While no changes were observed at the control speed, there was a significant reduction in SL at self-selected speeds over the course of the ultramarathon, which is a function of a reduction in running speed but again this indicates suggests that runners naturally selected a cadence and SL that is optimal or very near to being economically optimal (Moore et al. 2012; Moore 2016; Williams and Cavanagh 1987). Indeed, this difference was likely a result of the controlled speed producing forced alterations in running gait. There was no change in running cadence during self-selected running speeds, and a potential explanation for the increase in Cr with no significant change in spatiotemporal parameters, maybe the change in mechanical properties of the Achilles tendon, such as demonstrated following a 90 min submaximal run which showed a small but significant increase in Cr, by increased muscle fascicle shortening (Fletcher and MacIntosh 2018). Though, it must be noted, that the alternations in running speed between self-selected and control, may have also contributed to this. As mechanical properties were not measured, it should be taken into consideration when designing future investigation into the mechanisms behind changes in Cr in ultramarathon distance events. It is important to acknowledge the benefits and constraints of using a treadmill to analysis running performance. In a recent systematic review and meta-analysis, there was no difference observed between over-ground running and motorised treadmill running for submaximal \(\dot{V}\)O2, heart rate and perceived effort; however, preferred submaximal running speeds were slower and blood lactate concentrations were lower whilst running on a treadmill compared to over-ground (Miller et al. 2019). Whilst, significant differences in ground reaction forces and kinematic variables were observed between over-ground and graded treadmill running, the differences were small and the researchers believe that variables measured on a treadmill may be applicable to over-ground running (Firminger et al. 2018). This is further supported by a meta-analysis comparing biomechanical measures between over-ground and treadmill running, where spatiotemporal, kinematic, kinetic, muscle activity, and muscle–tendon measures were widely comparable (Van Hooren et al. 2019). Therefore, the authors feel confident that the data presented have ecological validity to external ultramarathon events with minimal course elevation.

Conclusion

It has previously been demonstrated that that a greater \(\dot{V}\)O2max, higher F and lower Cr all contribute to successful endurance performance (Gimenez et al. 2013; Joyner and Coyle 2008; Lazzer et al. 2012; Millet et al. 2011; Saunders et al. 2004).
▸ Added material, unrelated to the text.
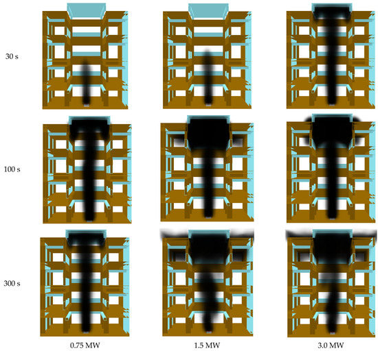 According to the principle of fire dynamics, fire development goes through three stages: accelerated combustion, stable combustion and extinction. Figure 3 shows the diagram of the smoke spread of fire inside the atrium at 30 s, 100 s and 300 s of the fire. Under the effect of thermal buoyancy, fire smoke rises first and spreads horizontally after reaching the ceiling. When the heat release rate is 0.75 MW, only a small amount of smoke is produced, and the height of smoke reaches half of the height of the atrium; after that, it begins to generate more smoke. At 100 s, the smoke reaches the ceiling and spreads into the ring corridor. At 300 s, the smoke has filled the upper space of the atrium. When the heat release rate reaches 1.5 MW, smoke is generated more obviously and quickly. The atrium above the fourth floor is almost filled with smoke at 100 s. When the heat release rate comes to 3.0 MW, smoke only takes 30 s to reach the ceiling, then it begins to spread outside through the window of the top floor at 100 s. Due to the restriction of the walls of the atrium, the continuously generated smoke begins to settle, and there is a clear boundary between the smoke layer and the cold air layer.
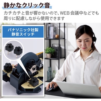気になるクリックのカチカチ音が響かないため、会議中のパソコン操作や在宅勤務時の早朝・夜間の作業などでも気にせず使用できます。

However, in this treadmill ultramarathon, \(\dot{V}\)O2max did not contribute to overall performance, with F and Cr explaining 61% of variance in finish time. In this participant cohort, \(\dot{V}\)O2max is less of a performance predictor than F and Cr as event distance increases. Those able to maintain a higher F while adopting strategies to minimise an increase in Cr may be best placed to maximise ultramarathon performance from a physiological standpoint. The small sample size, homogeneity and relatively high training status of the cohort along with a large number of other potential performance determinates (lab versus field study, nutritional and psychological factors) that may contribute to overall ultramarathon performance (Howe et al. 2019), mean that further research needs to be carefully designed (Vernillo et al. 2017) to adequately measure and establish as many key performance determinants as possible. This would then enable a better understanding of the limiting factors of extreme human performance.